HWS: Do you have any simple suggestions for folks who are thinking of joining in — is it perhaps a matter of just picking and choosing the proposals that interest you most?
Just filing a bug report is joining in, whether it is for a feature you want in the language or a performance issue or whatever. ES: I know many developers, for example, who refuse to file bug reports into Apple's "radar" system. You can see a bug's progress, comment on it, discuss it with the language maintainers. Yes, just pick and choose the proposals that interest you the most.
It's low volume and lets you know about review periods, acceptances, rejections, and returns for revisions. HWS: Looking at the list of changes for 4. What are the major areas where you think the language is still lacking? So yes, there's quite the rush going on.
From here out, what you'll see is more additions to other libraries like Foundation instead of the standard library. And there will be a lot of work under the hood to make the language more stable, faster to compile, and so forth. New proposals cannot break code.

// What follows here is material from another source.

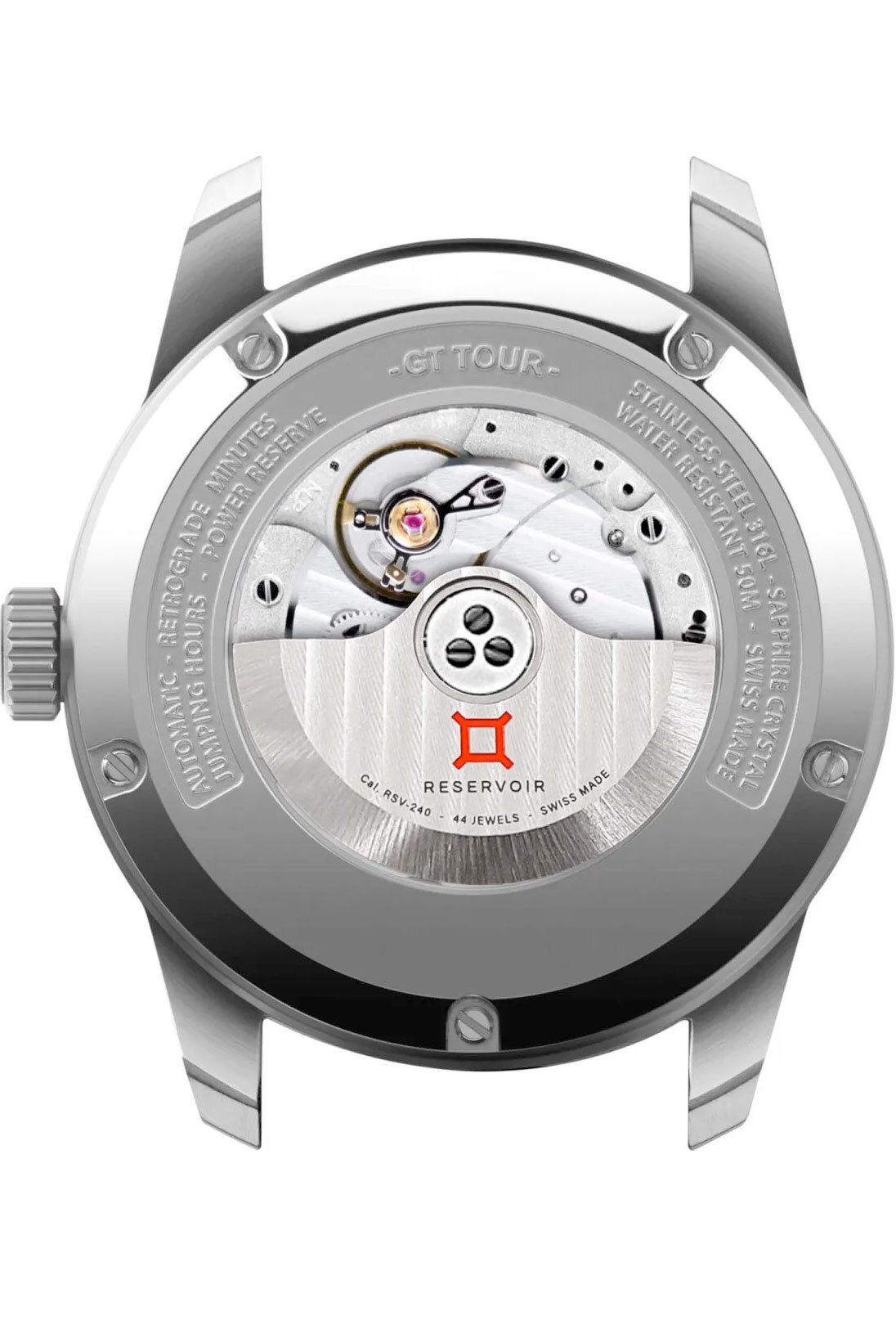 Powered by the new caliber RSV-240, a proprietary patented three-complication module coupled to a manufacture movement (LJP-G100 base), combining retrograde minute, jumping hour and a 56-Hour power reserve.

And those changes must fix real problems, not theoretical ones. Swift Evolution is entirely a user-facing process. Anything that affects the way that users interact with the language must go through the Swift Evolution process. Currently, any language changes must be highly focused with limited impact.
Their benefits, if accepted, must be measurable and real. Changes must fix real problems, not theoretical ones. So you can't add many 'good ideas' to the language. This is, of course, where I worried about toggle. The problem it fixes is real a mutating, functional way to toggle a boolean value in place but I wasn't sure at first that its impact was sufficient.
Finally, changes to the language must directly improve safety, speed, and expression. The toggle proposal fell into the last of these. ES: It certainly changed the way Swift Evolution did business, and it was pretty much down to me why they did this.
The proposal extend Self to classes the way it works in Objective-C, where Self is the type and self is the current instance. As of right now, no one has been able to make that work. The rule that was introduced ensures that proposal are not just real problems, they are ones that are solvable. You need an implementation, which allows designs to be tweaked and road-tested,. ES: It is. And I am slowly learning both. I feel it is important to be able to contribute at a code level not just ideas and write-ups.
ES: That is actually not a problem at all. The people on the swift-dev side of the house are amazingly supportive, especially of beginners. They even publish "starter bugs" for people who want to become more active in language development. It's also an extremely good way to get a job at Apple, should you follow that path.
ES: I mean this seriously when I say the entire Swift-Dev community is filled with love, unicorns, happiness, and lollipops. Swift Evolution tends to be a little bit more thorny but also full of wonderful people.
They're just crankier unicorns and pickier lollipops. What do you think truly idiomatic Swift looks like, if such a thing can even really exist this early in a language? ES: I honestly think that Swift looks a lot like nearly every other modern language.
They're all kind of converging right now. Feature by feature, you talk to people, and they'll point out correspondences in 2, 3, or even more languages. Swift benefits by trailing slightly and learning important lessons. Issues with protocol extensions may have already been hashed out in C.
Or you might have already seen raw strings in Python. Following on makes it easier to accommodate already road-tested ideas and enhance development. I know that I personally want method cascades like you get in Dart.
A method cascade avoids those blocky setup columns of doom, making it clear that you're establishing a single object's properties outside of initializers. ES: It really depends on how recently I've been in that or another language. Start Reading. Sign up now Website. Add a rating for this content Sign in to add a rating. All videos. All books. One low price. Learn more. Mark Complete Clear Progress. Even though Marco began his career at Tumblr, he is mostly known for Instapaper and Overcast.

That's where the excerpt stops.